BEGIN INPUT
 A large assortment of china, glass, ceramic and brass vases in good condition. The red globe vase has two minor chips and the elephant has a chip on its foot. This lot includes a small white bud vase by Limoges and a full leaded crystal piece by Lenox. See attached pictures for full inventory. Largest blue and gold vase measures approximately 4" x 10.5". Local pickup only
END INPUT
BEGIN INPUT
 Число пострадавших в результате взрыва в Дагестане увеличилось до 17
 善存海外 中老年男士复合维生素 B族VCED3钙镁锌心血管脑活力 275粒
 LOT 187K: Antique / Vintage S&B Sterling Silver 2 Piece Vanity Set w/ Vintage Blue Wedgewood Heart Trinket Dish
END INPUT
_EXERCISE INSTRUCTIONS_:
All that belongs in your answer is the stretch of entries above from the line with "Число пострадавших в" through the line with "LOT 187K: Antique", printed exactly.

_TASK OUTPUT_:
 Число пострадавших в результате взрыва в Дагестане увеличилось до 17
 善存海外 中老年男士复合维生素 B族VCED3钙镁锌心血管脑活力 275粒
 LOT 187K: Antique / Vintage S&B Sterling Silver 2 Piece Vanity Set w/ Vintage Blue Wedgewood Heart Trinket Dish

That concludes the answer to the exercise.